Underpaid, overworked farmworkers set to get liberal labor protections. Farmers grumble.
California’s legislature just passed a bill that’s a big win for farmworkers but a big defeat for farmers.
The bill, which comes after decades of campaigning by the United Farm Workers union, would make farms subject to the same rules for overtime pay as other businesses. If Gov. Jerry Brown signs the bill into law, it would set a precedent for other states to follow. Farmworker advocates are cheering, along with green groups like the Sierra Club and the NRDC, but many farmers — including organic farmers who rely on manual labor in place of chemicals and mechanization — worry that the bill will push agriculture abroad.
The United Farm Workers union has argued that the bill corrects the injustice written into the federal Fair Labor Standards Act passed in 1938, which gave workers a minimum wage and a 44-hour work week but excluded farmworkers.
“The fact that the Fair Labor and Standards Act excluded farmworkers from collecting overtime pay is astounding considering the amount of outdoor physical labor they do,” said Julie Taylor, executive director of National Farm Worker Ministry, a faith-based organization that supports farmworkers.
“The whole world eats the food provided by California farmworkers, yet we don’t guarantee fair overtime pay for the backbreaking manual labor they put in to keep us fed,” said California Assemblywoman Lorena Gonzalez, in a statement.
Farmworkers aren’t totally unprotected. In the decades after passing the Fair Labor Standards Act, Congress ushered in laws extending them some protections. Agricultural workers are currently eligible for overtime pay after putting in 10 hours a day, and the California bill would lower that to eight hours. That may seem like a small change, but it has a lot of farmers scared.

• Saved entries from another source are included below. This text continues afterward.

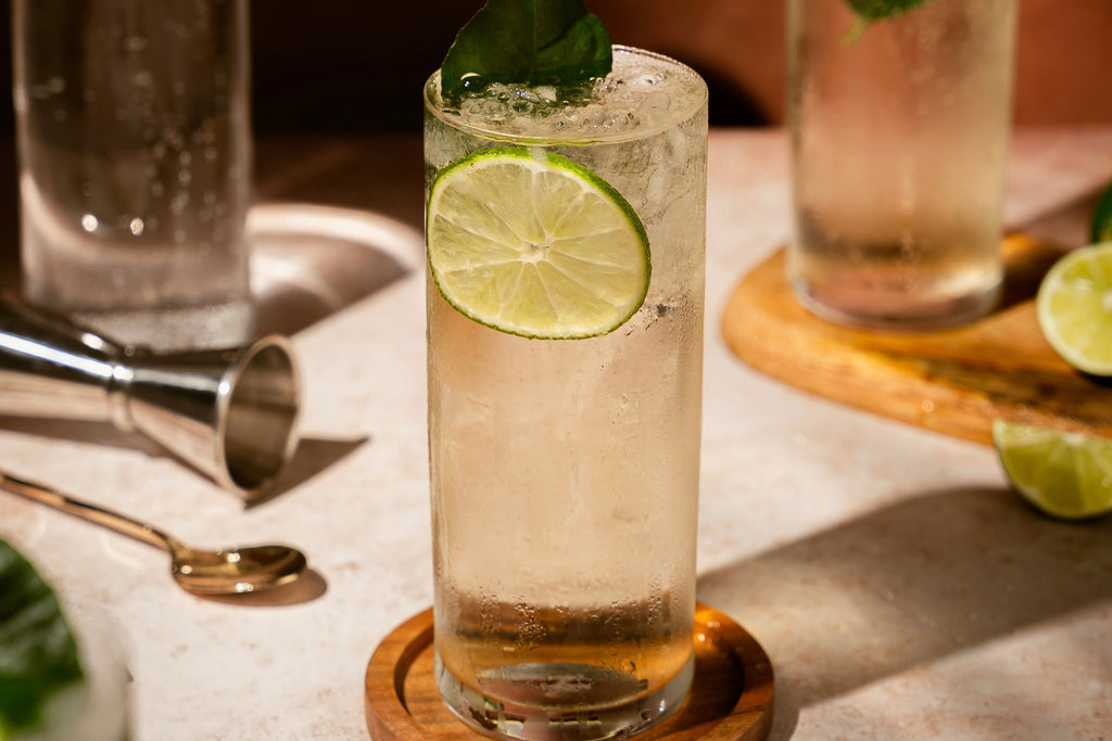 Fresh lime and Key Lime White Balsamic bring crisp citrus notes, while Honey Ginger White Balsamic adds warmth and gentle sweetness. Paired with non-alcoholic gin and topped with tonic, this sparkler is light, lively, and endlessly sip-able. It’s the kind of drink that proves mindful drinking can still feel celebratory, social, and genuinely satisfying.
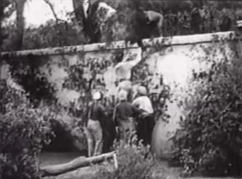 The chapter endings in Junior G-Men range from average to excellent, some of the highlights being Chapter One’s plunging-elevator cliffhanger, the Chapter Eleven ending that has the heroes about to be crushed by a different elevator, the Chapter Four plummet from a billing ledge (which might be stock footage, but is well-integrated into the new footage, if it is), and the Chapter Eight balcony crash. The blockhouse and warehouse explosions in Chapters Two and Six are memorable too, due to the good miniature work involved. However, far too many of the serial’s cliffhangers rely upon the dreaded “lived through it” resolution too common in Universal’s serials; time and again, protagonists Billy and Harry simply crawl out of the rubble of a violent crash or apparently devastating explosion.
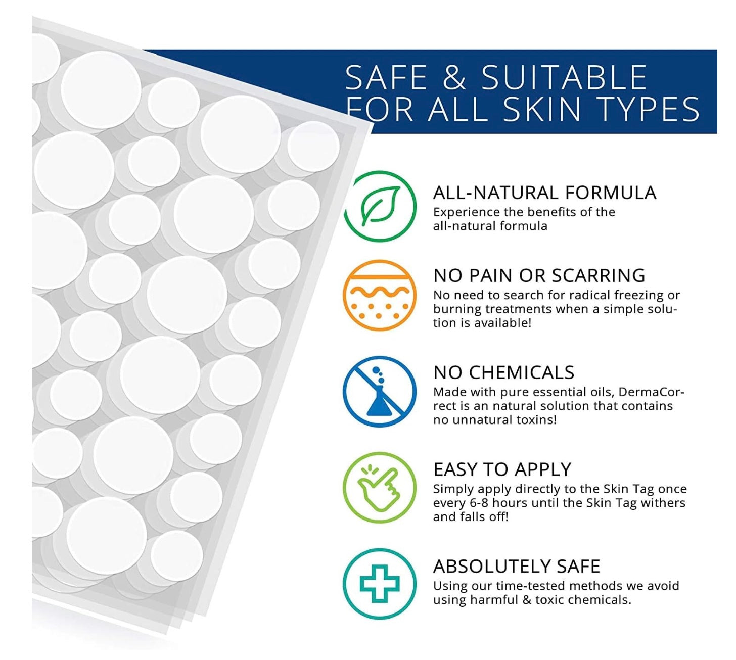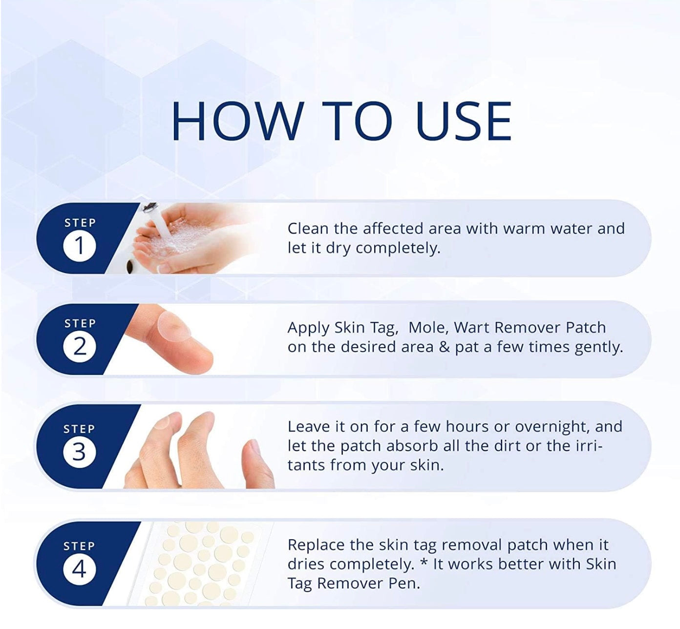 ⏰ Leave the patch on for 8–12 hours. After that, remove and replace with a fresh patch. Continue until the skin tag dries out and falls off naturally.
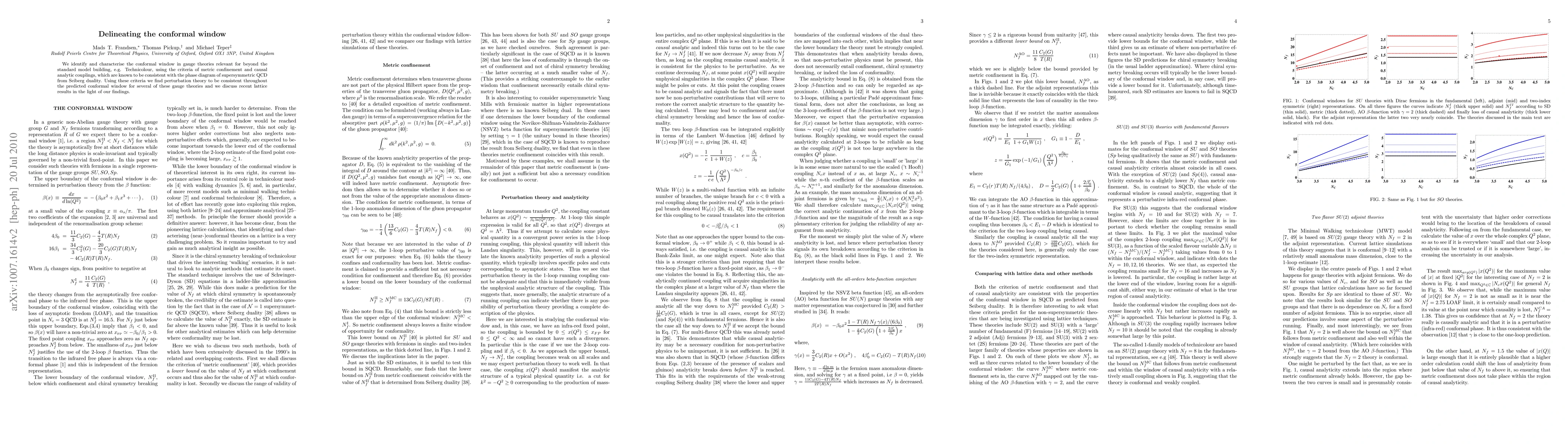 This paper identifies and characterizes the conformal window in gauge theories beyond the Standard Model, employing metric confinement and causal analytic couplings. It finds perturbation theory consistent within the predicted conformal window for several gauge theories and discusses recent lattice results in this context.

“I’m down in Santa Cruz talking to farmers, and people are pretty freaked out,” said Dave Runsten, policy director for the Community Alliance with Family Farmers, a group that promotes small farms and sustainable food systems.
Worker pay is usually the biggest expense for the farmers Runsten works with, representing as much as half of their their costs. That’s likely to go up as California’s minimum wage rises to $15 an hour over the next six years. Some farmers will shift to less labor-intensive crops like almonds, some will replace workers with machinery (like these tomato harvesters), and some will move operations to Mexico, he said. But all those options are too expensive for many of the smaller farmers. “Those people are really looking down the barrel of a gun,” Runsten said.
Whenever we pass new regulations on farmers there’s always a danger that it will drive up food prices, and consumers will start buying from farmers elsewhere. That’s what happened in Sweden. The government passed sweeping animal welfare laws for pigs and in response Swedes started buying their pork from countries without those high standards. On the other hand, California farmers have managed to remain competitive despite the fact that the state has more agricultural regulations than others.
If we bring farming up to the same labor standards as other industries, it’s likely to follow the same trajectory as, say, the textile industry — the path of globalization and industrialization. Some agriculture will follow cheaper labor to other countries, and some will remain in the United States by going high tech and producing more with fewer workers. It’s all driven by our preference for the lowest price.
There’s another option: We could opt to pay more for better labor conditions. People tend to say they want small farms that rely on well-paid manual laborers, but when the time comes to pay the grocer we generally choose the cheaper tomato.